The Secretary of State for Transport, Andrew Adonis, in July 2009 appointed Andrew Haines as the Chief Executive of the Civil Aviation Authority after an open competition.  Mr Haines is the first holder of this newly created post, following the recommendations put forward by Sir Joseph Pilling in 2008. He officially took up the position in August 2009.

Events of the last few weeks have been particularly significant for the Civil Aviation Authority and as CEO I think it only fitting that I focus this column on what really happened and the truth behind the opening of UK controlled airspace.

Iceland's volcanic eruption brought an unprecedented challenge for UK aviation.
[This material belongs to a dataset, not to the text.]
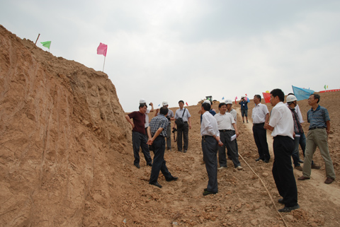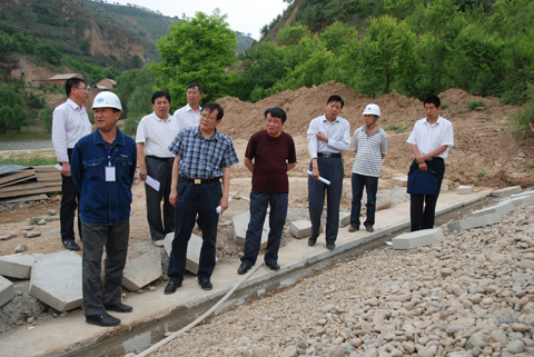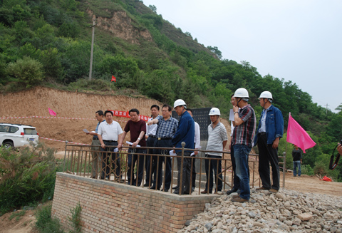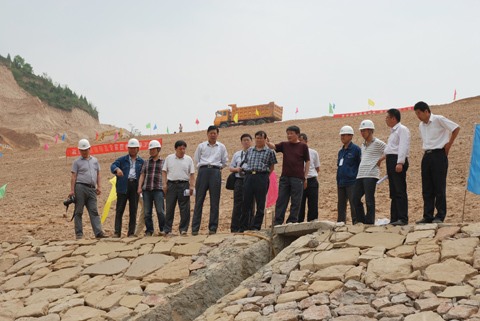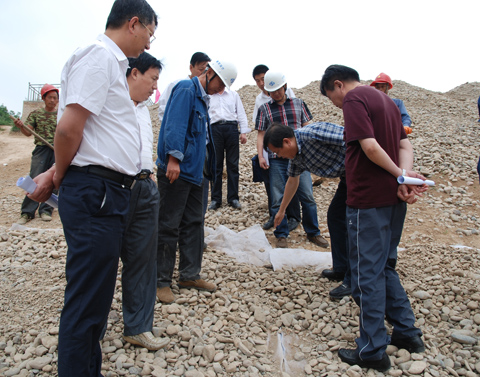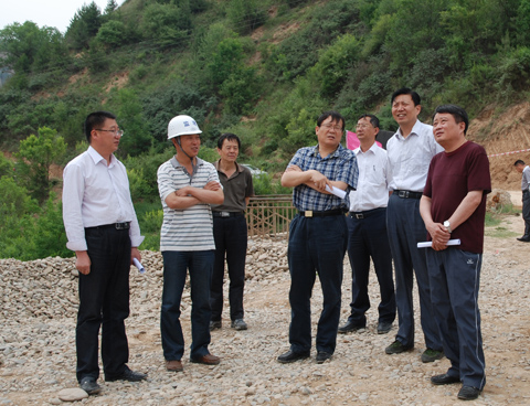 在现场听取了施工、监理、业主等单位的汇报后,王健局长、张金良总经理又来到背水坡碾压现场及坝脚反滤体处进行检查。随后,在现场项目部与各参建单位进行了座谈。座谈中,张金良总经理首先代表设计公司对参建单位人员表示了亲切的问候。并要求总承包项目部在工程建设中要尊重业主和监理方,参建各方各司其责,紧密配合,合理打造优质工程。王健局长在讲话中对设计公司的大力支持和关心表示感谢,并要求西峰局要竭力为施工单位做好各项服务工作,保障除险加固工程建设任务的圆满完成。他强调,在建设过程中,各参建单位要严格按照工程设计要求和工程规范、规程、规定科学施工,确保工程质量。要进一步优化施工方案,在确保工程质量和人员安全的前提下,千方百计想方设法加快工程建设进度,确保在2013年6月底完成主体工程,具备度汛条件。同时,他要求要根据进度情况及时修订应急度汛方案,提早准备防汛物料,加强培训演练,做好各项准备,确保花果山水库安全度汛。

The volume of ash in the air combined with stagnant weather, resulted in a blanket of volcanic cloud covering some of the world's most congested airspace.  As a result, National Air Traffic Services (NATS) suspended services on safety grounds, as did all its counterparts similarly affected, beginning the biggest ever airspace closure.

Safety always comes first in aviation and the UK has one of the world's best safety records.  This relies on guidelines, which ensure that airlines and pilots operate consistently and safely.  In the case of aircraft encountering volcanic ash the international guidance, drafted by those who've had to deal with it in the past, is 'AVOID, AVOID, AVOID', regardless of the level of contamination.  In this instance, the only way to avoid was to stop flying, as, unlike other parts of the world, there wasn't enough space to go round the ash cloud without first flying through it.

At the CAA, we knew that ash was a serious hazard.  It can damage airframes, sandblast windshields, clog filters and cause engines to cut out completely mid air, in more than one case all four of them.  What we didn't know, because no one in the world had ever established it, was the level of contamination that posed real risk.  So we faced a stark choice: allow flights to resume knowing it could jeopardise lives, or stop all flights whilst we established what level of ash aircraft could safely tolerate, causing massive disruption and heartache to passengers and businesses.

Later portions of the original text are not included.